**PROMPT**
When you copy the data that follows, reproduce every word exactly and leave out the images.

**GIVEN DATA**
************
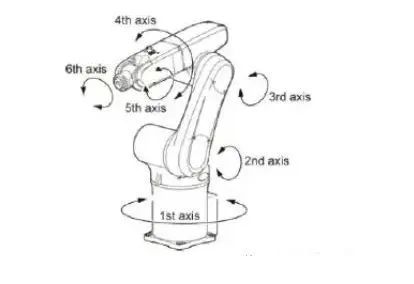 机器人制造商倾向于使用各自略有不同的轴或关节命名。基本上,第一关节(J1)是最接近机器人底座的那个。接下来的关节称为J2,J3,J4和依此类推,直到到达手腕末端。而其他的Yaskawa/Motoman公司则使用字母命名他们机器人的轴。
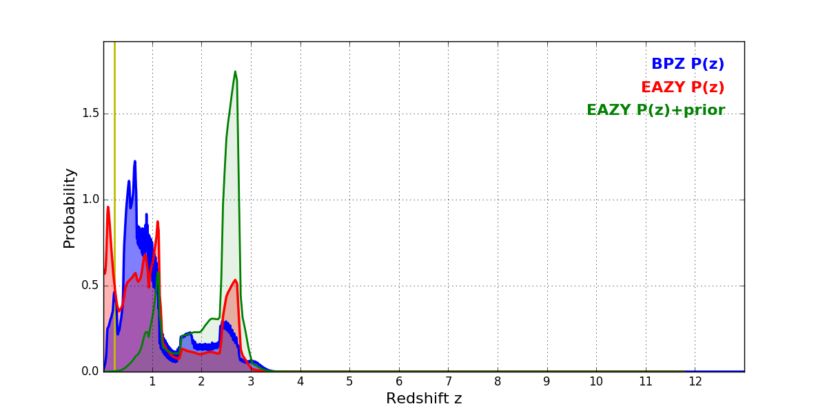 In P(z) plots: Yellow lines mark the cluster redshift z = 0.228,
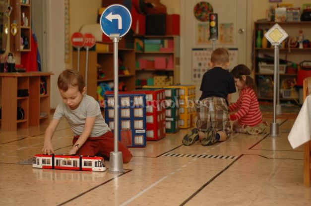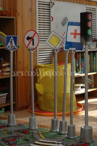 Ідея наступній серії фотографій теж почерпнута в інтернеті. Ідея нанесеного малюнка на підлозі групи. Приміщення у нас не велике. І розташувати куточок ПДР десь окремо не представляється можливим. У минулому році ми вже змайстрували дорожні знаки. Вірніше спеціальні стійки з можливістю зміни знаків на них.
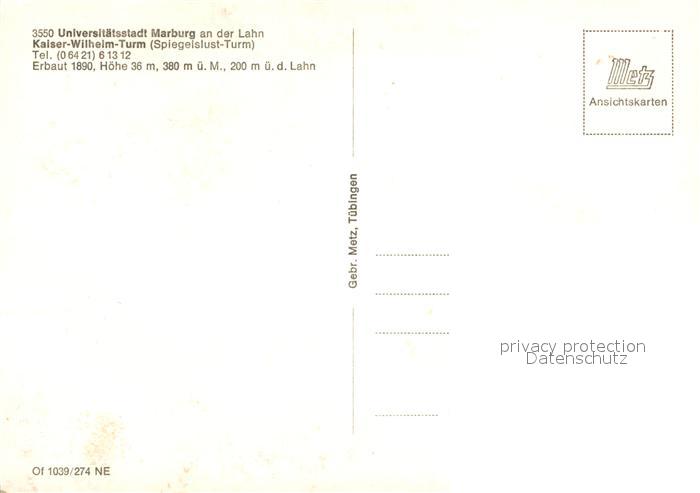 Marburg Lahn Kaiser Wilhelm Turm Spiegelslust Turm
************
**WRITTEN REPLY**
 机器人制造商倾向于使用各自略有不同的轴或关节命名。基本上,第一关节(J1)是最接近机器人底座的那个。接下来的关节称为J2,J3,J4和依此类推,直到到达手腕末端。而其他的Yaskawa/Motoman公司则使用字母命名他们机器人的轴。
 In P(z) plots: Yellow lines mark the cluster redshift z = 0.228,
 Ідея наступній серії фотографій теж почерпнута в інтернеті. Ідея нанесеного малюнка на підлозі групи. Приміщення у нас не велике. І розташувати куточок ПДР десь окремо не представляється можливим. У минулому році ми вже змайстрували дорожні знаки. Вірніше спеціальні стійки з можливістю зміни знаків на них.
 Marburg Lahn Kaiser Wilhelm Turm Spiegelslust Turm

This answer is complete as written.